The rest of the week we didn’t venture far from the house of the amazing WarmShowers host we stayed with. But when we did, the city looked more like we expected – bustling with cars and motorbikes. But a very weird way to arrive!

Our WarmShowers hosts looked after us for a couple of days and helped us out a lot (from providing bike boxes in a city that doesn’t seem to do boxes to entertaining us, helping us with directions and dropping us at the airport!). When we weren’t packing the bikes away into tiny bike boxes (who knew you can fit the huge bikes we have into kids bike boxes – it’s just a matter of dismantling more and more until they fit), or packing our bags for the plane, we were talking about bike trips (and all sorts of other topics, including playing with a cool Lego trainset…).
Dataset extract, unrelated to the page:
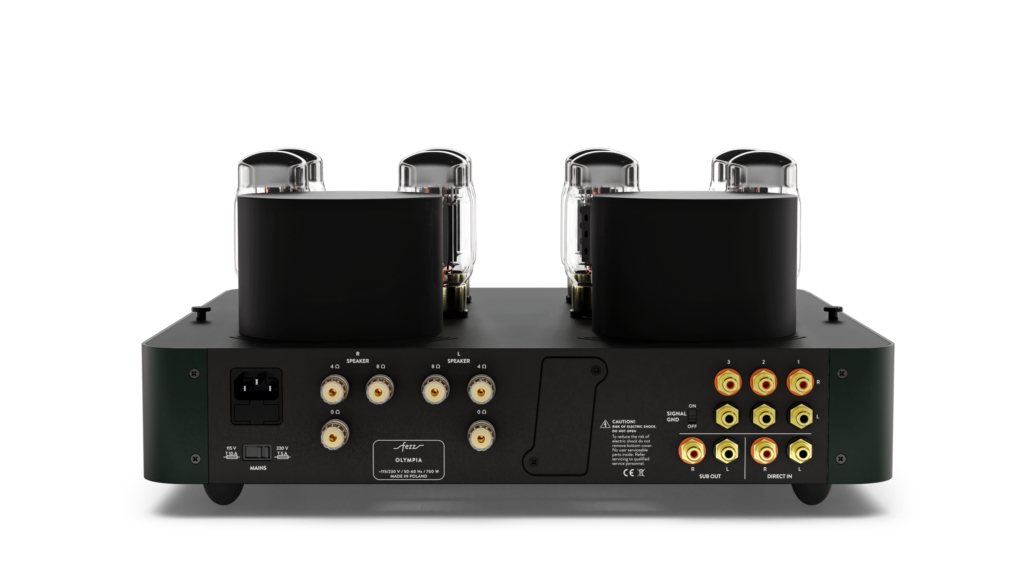 Olympia – dual mono, integrated vacuum tube amplifier. It is based on eight KT88 tubes which features a truly captivating sonic performance, characterized by its powerful and refined sound signature. The amplifier comes fully equipped with all available options. The new remote offers volume control, source selection , including on/off mode. The amplifier includes a convenient „standby” function and a 2-minute pre-heating cycle which ensure optimal operating conditions and extended tube lifespan. An optional equipment card slot extension opens new possibilities for future as a bluetooth, phono-stage or DAC. The newly designed electronic tube protection fuse replaces traditional glass fuses, enhancing reliability and protects the vacuum tube circuitry. New automatic bias adjustment system guarantees optimal performance and eliminates the need for any manual adjustments. The dual-mono design ensures exceptional stereo imaging and a deep, expansive soundstage, immersing the listener in every detail of the recording. It`s dynamic response and tonal accuracy bring music to life with warmth, clarity, and touch of a classic tube magic.Type:Olympia EvoTyp:vacuum tube dual mono integrated amplifierVacuum tubes:8x KT88 + 2x 12AX7 + 2x 12AU7Inputs:3x RCA + 1x DIRECTSuitable speaker impedance:4 Ω / 8 ΩNominal output power:2x 100 WTotal harmonic distortion (THD):<0,1% (below 100 W); <1% (at full power)Power bandwidth:16 Hz – 80 kHzDamping factor:>30Input impedance :50 kΩSensitivity:0,7 VPower consumption:350 W (at idle); 700 W (at full power)Weight:24 kgDimensions:420x380x200 mmEquipment:tube cage, remote, SUB OUT, DIRECTOptional Equipment:Bluetooth extension card -

The family had cycled form Europe to Japan the year before and were only a few months into living in Kigali, so their trip and stories were still quite fresh. Imagine riding across the world with two kids under ten, who both rode their own bikes! They had just moved into their new home and it looks like there are still a few things to learn (including having a thief steal almost everything that wasn’t nailed down from just outside their bedroom window - including a car battery and charger - on the morning of our departure). Wonder where the security guard was… It wasn’t until we were in the airport that we thought about it and realised our, unlocked, bikes were right next to everything that was stolen. It was bad enough for the family, but that might have upset our plans a bit if they’d taken our bikes as well. We dodged a bullet there.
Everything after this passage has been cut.